Mobile quantum gravity sensor with unprecedented stability

TL;DR

This paper introduces a highly stable and accurate mobile quantum gravity sensor based on atom interferometry, capable of continuous absolute gravity measurements in challenging environments, advancing geodesy and earth sciences.

Contribution

The development and demonstration of the most stable and accurate mobile atomic gravimeter to date, enabling new applications in geodesy and natural resource exploration.

Findings

Achieved an accuracy of 39 nm/s^2 in gravity measurements.

Demonstrated long-term stability of 0.5 nm/s^2.

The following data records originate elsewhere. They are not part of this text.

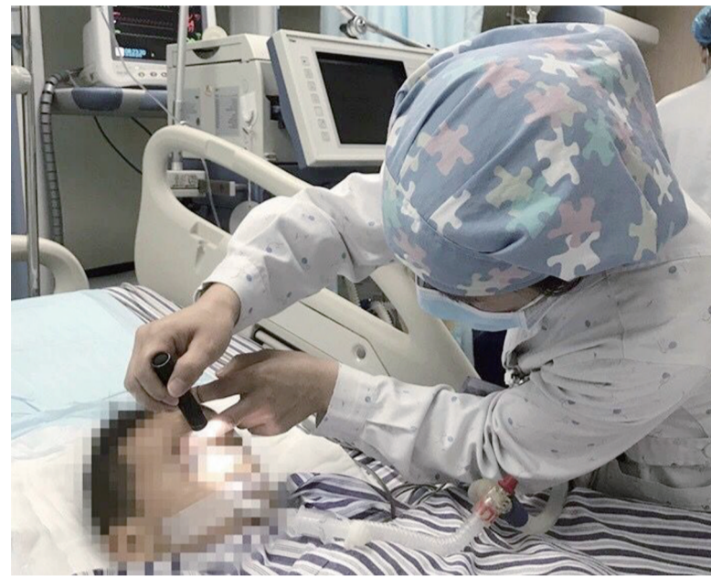
▲医生查看溺水男孩的生命体征

本报讯(记者 赵露 通讯员 王家明)近日,一名1岁半的男孩独自玩耍时不慎落水,家长发现时已无意识和呼吸。经医护人员积极抢救,孩子目前已转入ICU病房继续治疗,仍未脱离生命危险。
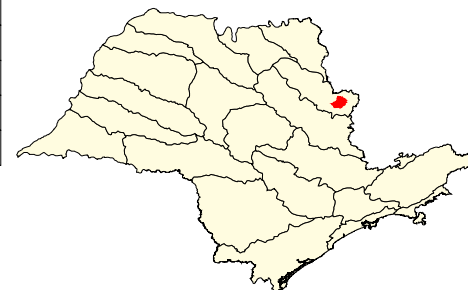
Localização no Estado de São Paulo Unidades de Gerenciamento dos Recursos Hídricos

* (em relação a área do município) área do município: 40.700 ha
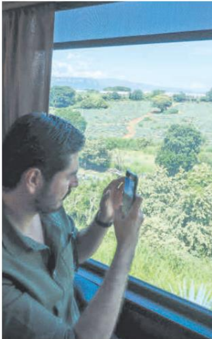
NUEVO RECORRIDO. El tren, recientemente remodelado, inicia su primera corrida del día.

EN IMÁGENES | Un viaje por la tradición del Estado
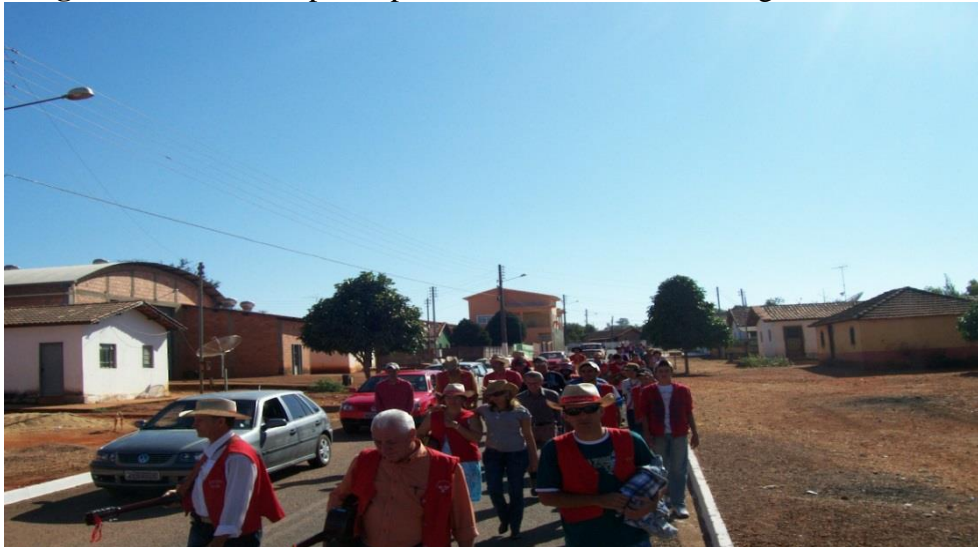
Imagem 22: Devotos e participantes da alvorada do domingo.
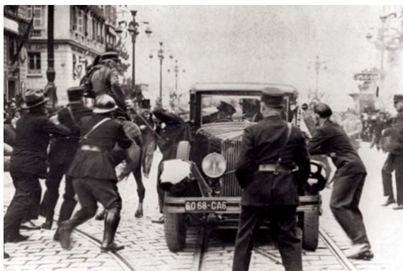
Прилог бр. 3, 4, 5.

Краљ Александар Крађорђевић пре и после убиства, аутомобил у којем је убијен
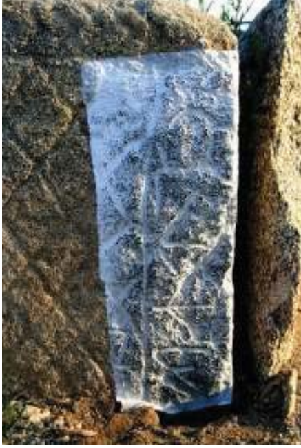
( uzeye bakan taşın sağ tarafında yer alan damgaların estampajlı görüntüsü
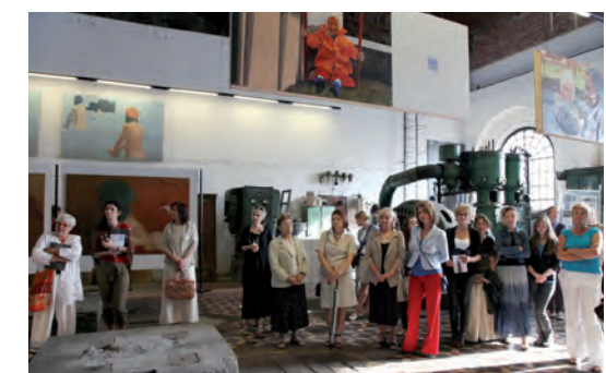
Sprzyjająca pogoda sprawiła, że goście wernisażu dopisali...
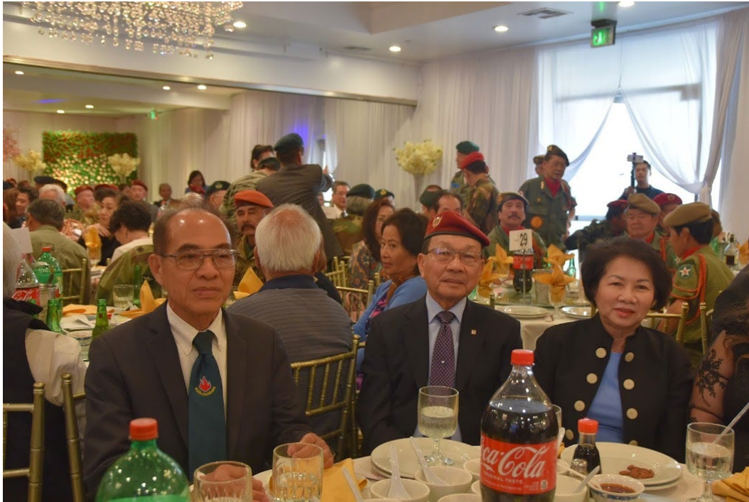
(Tác giả trong bàn Mũ Đỏ)

(Đính kèm: một số hình ảnh của tác giả và một số do anh Thiệu Võ chụp)
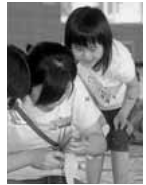
▲「ねえ、何ができるの？」 「ん～？できてからの楽しみ!!」

7月28日から4日間、船川北公民館と市総合体育館を主会場に、東京芸術大学剣道部とのふれあい交流が行われました。
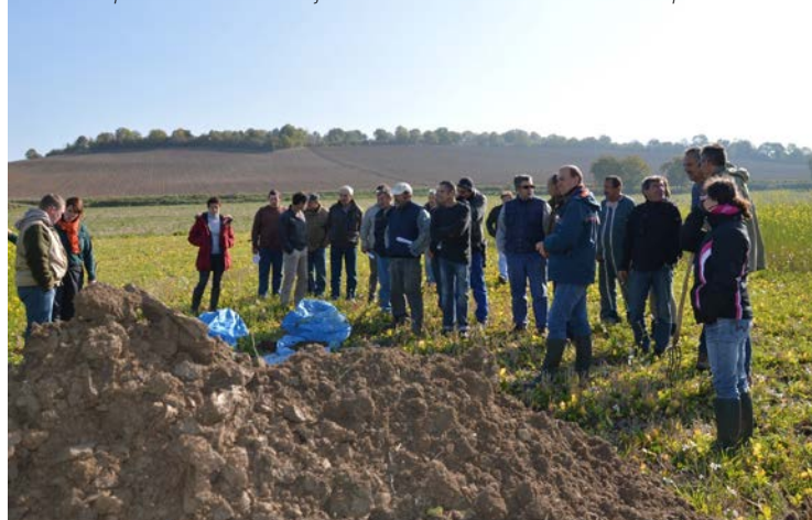
Visite du profil de sol : il est toujours intéressant d'observer son sol de près.

des galeries, d'où l'intérêt de laisser mon couvert en surface.

Showcased performance under rough environmental conditions.

Abstract

Changes of surface gravity on Earth are of great interest in geodesy, earth sciences and natural resource exploration. They are indicative of Earth system's mass redistributions and vertical surface motion, and are usually measured with falling corner-cube- and superconducting gravimeters (FCCG and SCG). Here we report on absolute gravity measurements with a mobile quantum gravimeter based on atom interferometry. The measurements were conducted in Germany and Sweden over periods of several days with simultaneous SCG and FCCG comparisons. They show the best-reported performance of mobile atomic gravimeters to date with an accuracy of $\mathrm{39\,nm/s^2}$ and long-term stability of $\mathrm{0.5\,nm/s^2}$ short-term noise of $96\,\mathrm{nm/s^2/\sqrt{Hz}}$. These measurements highlight the unique properties of atomic sensors. The achieved level of performance in a transportable instrument enables new applications in geodesy and related fields, such as continuous absolute gravity monitoring with a single instrument under rough environmental conditions.